Walking with God, the activities of Enoch came under the Divine control. It was Enoch's happy privilege and responsibility to keep in touch with God, so that he might know His thoughts and understand His ways: then God ordered his life and path, for it was His to indicate the direction and to set the pace. God led the way and Enoch was by His side, as intelligently led by Him. His walk was not like that of a dog who so devotedly follows the steps of his master, since he was endowed with a wonderful understanding of God's mind and purpose, as is made plain in the Epistle of Jude.

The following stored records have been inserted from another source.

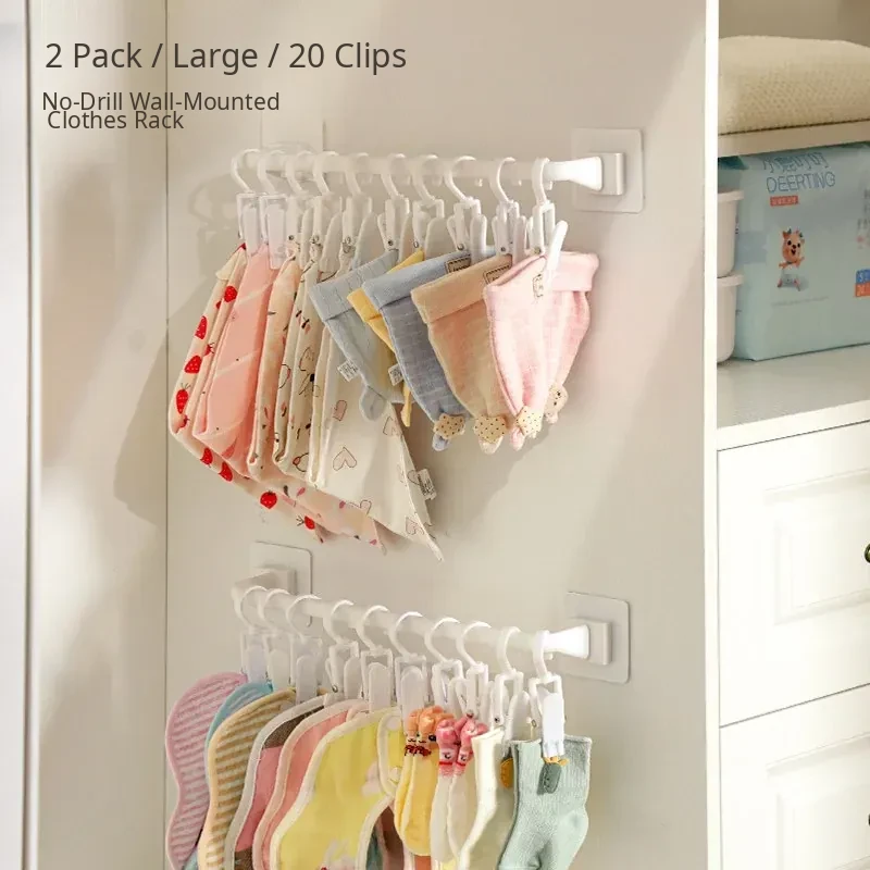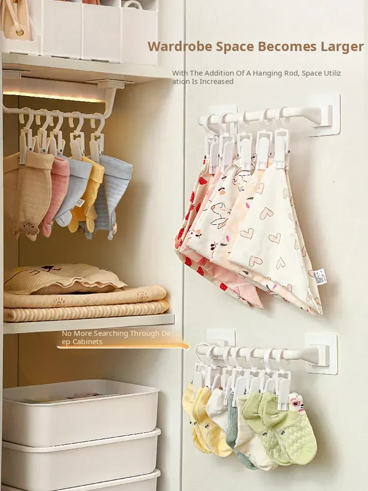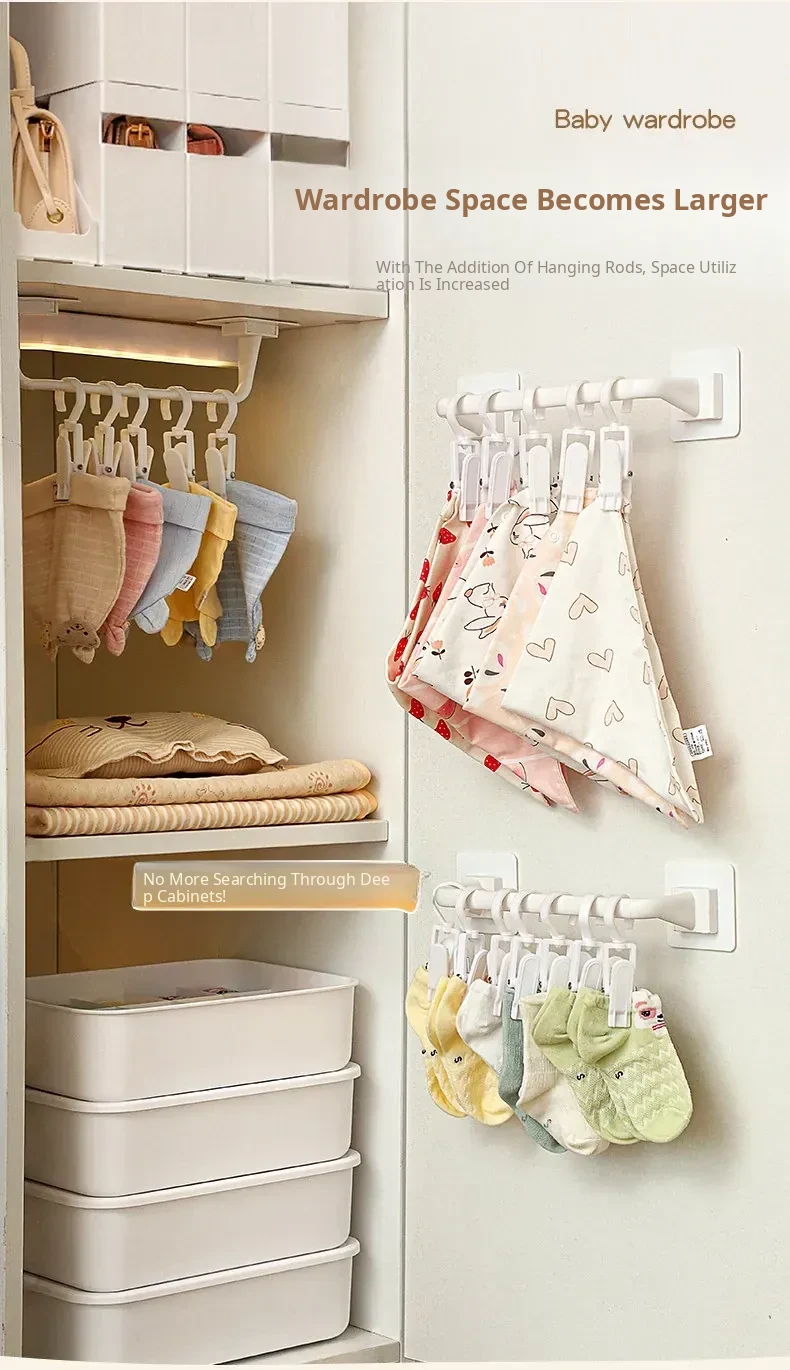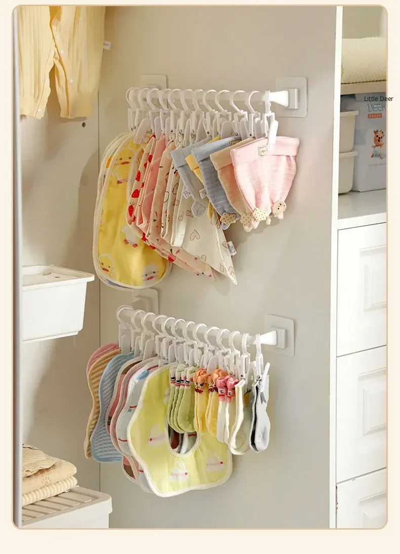 Wall-Mounted Storage Hooks for Kids: Hat and Towel Organizers, Baby Bib Holders, and Sock Clips - No Drilling Required, Easy Adhesive Installation! Perfect for Clutter-Free Spaces!
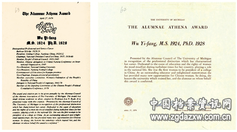 1979年,吴贻芳获得美国密执安大学为世界杰出女性专设的“和平与智慧女神”奖证书。
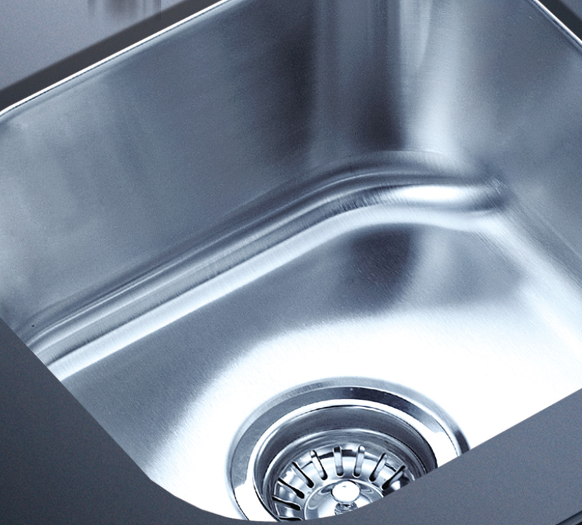 阿發(fā)水槽整體經(jīng)拉絲處理,質(zhì)地更加光滑,視覺更加柔和。能有效抵擋異物撞擊,刮傷及磨損,防止油污沾染,常用常新;柔和的光澤令水槽平添高雅氣質(zhì),更能避免鏡面材質(zhì)反射的光污染
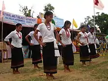 The Sakachep are known for their distinct style of dress. The women wear strings of different beads and coins around their neck. Today, the majority of the young boys and girls of the villages wear pants, shirts and traditional Mekhela. The older men simply wear a Dhoti|dhuti.
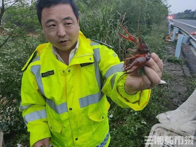 接到报警后,庙前路政大队二分队当班分队长唐鸿、队员邓笛立即赶赴事故现场。到达现场后,他们发现车辆侧翻在行车道上,车辆损坏并不严重,但是车上装载小龙虾的笼箱全部倾倒在地,有部分还掉进了路边的护坡上,千余斤小龙虾在高速上、护坡上上演“大逃亡”。驾驶员刘师傅和同伴正蹲在地上,把散落在草丛里和树林里的小龙虾一只只地往笼箱里装,希望能够尽可能多“抓回”一些小龙虾,挽回一些经济损失。
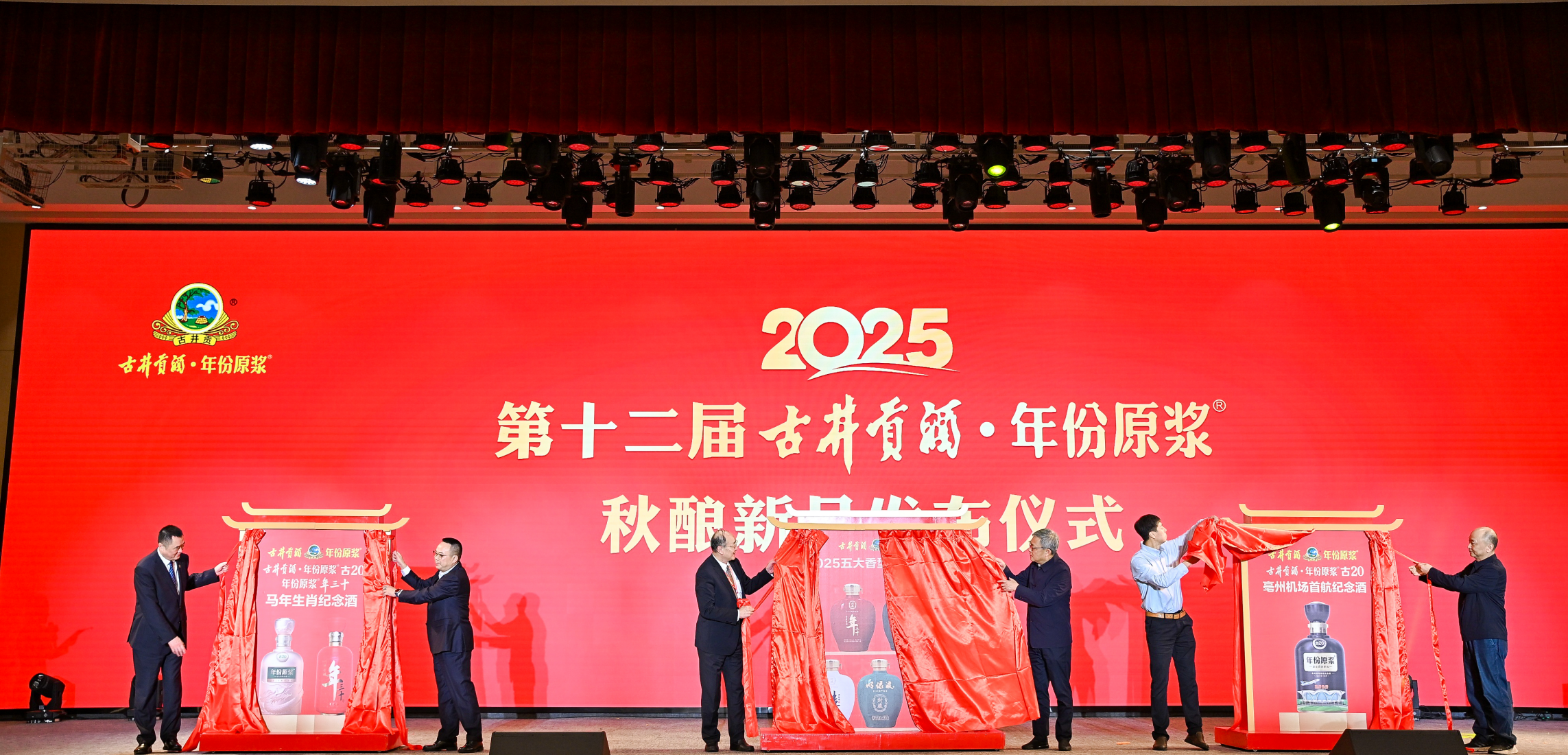 秋酿盛典高潮时,现场屏幕上依次播放安徽亳州、安徽滁州、湖北咸宁、贵州茅台镇秋酿现场画面——今年,古井贡酒秋酿首次实现“四地同酿”,八大生产基地遥相辉映,六大香型各展风采。
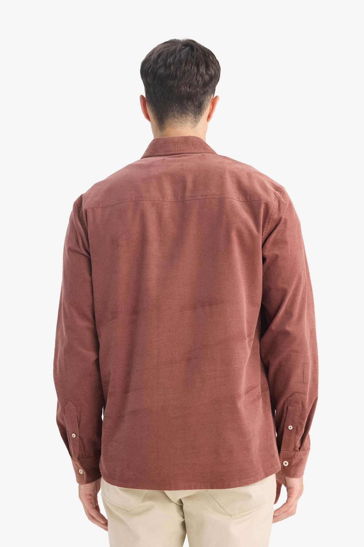 دفاکتو پیراهن مردانه یقه گرد معمولی آستین بلند قهوهای کد E9024AX/BN152
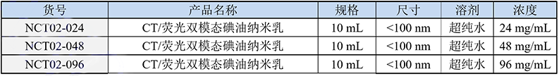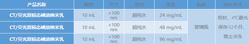 蘇州北科納米科技有限公司提供高質(zhì)量的CT/熒光雙模態(tài)碘油納米乳,為乳白色泛綠澄清液體,分散于純水中,已采用0.22微米濾膜過(guò)濾并除菌。尺寸、碘濃度、熒光強(qiáng)度在一定范圍內(nèi)可調(diào)、CT成像對(duì)比增強(qiáng)效果佳、低腎毒性、安全環(huán)保無(wú)污染,具有很好的分散性、穩(wěn)定性佳,可用于小鼠腫瘤模型及其他模型CT熒光雙模態(tài)成像等。

If this characterized the seventh from Adam, who lived more than three millenniums before Christ appeared, what should mark such as ourselves? Faith puts us in touch with God as He has been revealed in Christ — revealed in the fulness of His love, and in the breadth and length and depth--and height of His purposes which centre in Christ — and the Holy Spirit has been given with a full capacity to take in the revelation. It is possible therefore for us to have a much fuller understanding of God's mind and purpose. We only need the faith that makes God a living reality to us, which leads us to diligently seek Him, and finding Him to walk with Him; all our activities governed by communion with Him. Alas! so often with us the flame of faith is burning low. There are times when there should come with great force to us the Master's question to His disciples, when "He said to them, Where is your faith?"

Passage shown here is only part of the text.